100% agreement on this point. Are there cheaper ways of doing it? Yep, way cheaper, but only when counting by percentage spent and not absolute dollars and cents. Equilibrium is a one stop shop and no algae. I've tried concocting my own (a bit of work to get all the ingredients to be homogeneous), or buying cheaper GH boosters (these are the ones which causes loads of algae under identical tank conditions for some reason). For a 75 gallon tank, a little Equilibrium goes a long way. For fish only tanks other methods might make more sense, but for planted tanks I think Equilibrium is the only way to go. Just follow the instructions and it'll do its job. Dissolves quick and easy too.


----------



## Nobody1 (Dec 9, 2014)

2wheelsx2 said:


> I guess it's this one? Aqualife & Plant Full Spectrum Performance LED Strip Light | A3982 | Lighting | Fluval
> 
> Looks like it will perform ok but the spread might be a bit narrow for a 75 gallon. Certainly looks ok based on the pics but they can be a bit deceptive.
> 
> I think things will improve now that you will start following the EI specs. The 3/16 tsp of KH2PO4 is probably more important than the K2SO4 if you are dosing KNO3 3x a week already (plenty of K if you dose dry KNO3 and KH2PO4).


Thats the light.

I bought the wrong jobes plant sticks which had high P. Then had an algae bloom. Thats why I stopped P for a while. Now the lack of P is obvious on the plants.

I was doing the tests wrong as I said but now N is 20. Should I keep it there or go down to 10.


----------



## Nobody1 (Dec 9, 2014)

Reckon said:


> I agree with 2wheelsx2, it's not going to be a potassium problem with all that spotting. It's either going to be a CO2 or NO3/PO4 balance issue.
> 
> It is unlikely that your NO3 is 0 since you've been dosing several days a week. Chiumanfu is right that you need to double check your testing method.
> 
> ...


I started it last November. I was doing all of the tests wrong. I described it earlier.

No kidding its a lot of work. Far more than I'm used to. In another province I had a 75 and all I had to do was change 20% water, add co2, Iron now and again and then take the lawnmower and weed whacker out to trim the plants. Loved that water.

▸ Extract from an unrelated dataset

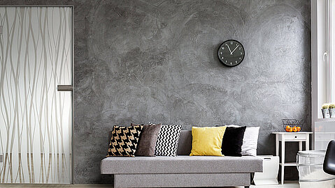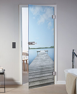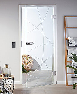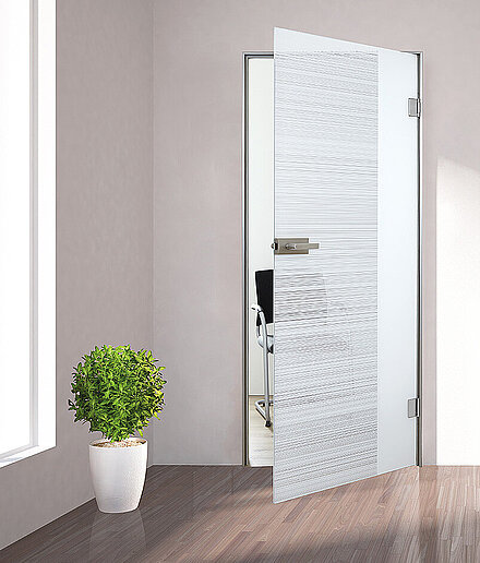 Eine Innentür aus Glas kann mit verschiedenen Motiven mit Keramikdruck gestaltet werden. Sie sind lichtecht, lösungsmittel- und DIN abriebbeständig.

I will look into Equilibrium. The co2 is at 3 bps.


----------



## jbyoung00008 (May 16, 2011)

I wouldnt use the jobes spikes. It may seem cheaper but the outcome is never good. Buy the proper ones from Seachem. J&L sells them cheap enough. Im following a similiar EI dosing schedule as posted on here. I havent had any issues. Also a Crosso Aka Beard algae eater always helps keep Algae in check


----------



## 2wheelsx2 (Apr 21, 2010)

Instead of using Jobe's just get these: Osmocote plus tabs

I pack my own or else I would just buy those. They work much better and won't cause all kinds of algae issues like the Jobes.


----------



## Nobody1 (Dec 9, 2014)

How do you pack your own osmocote?


----------



## Chiumanfu (Oct 30, 2014)

Search Youtube for "DIY Osmocote Root Tabs". I do this as well and it works just as good as the Seachem ones at a fraction of the price.






Dawna sells them in the classifieds for a really good price as well.


----------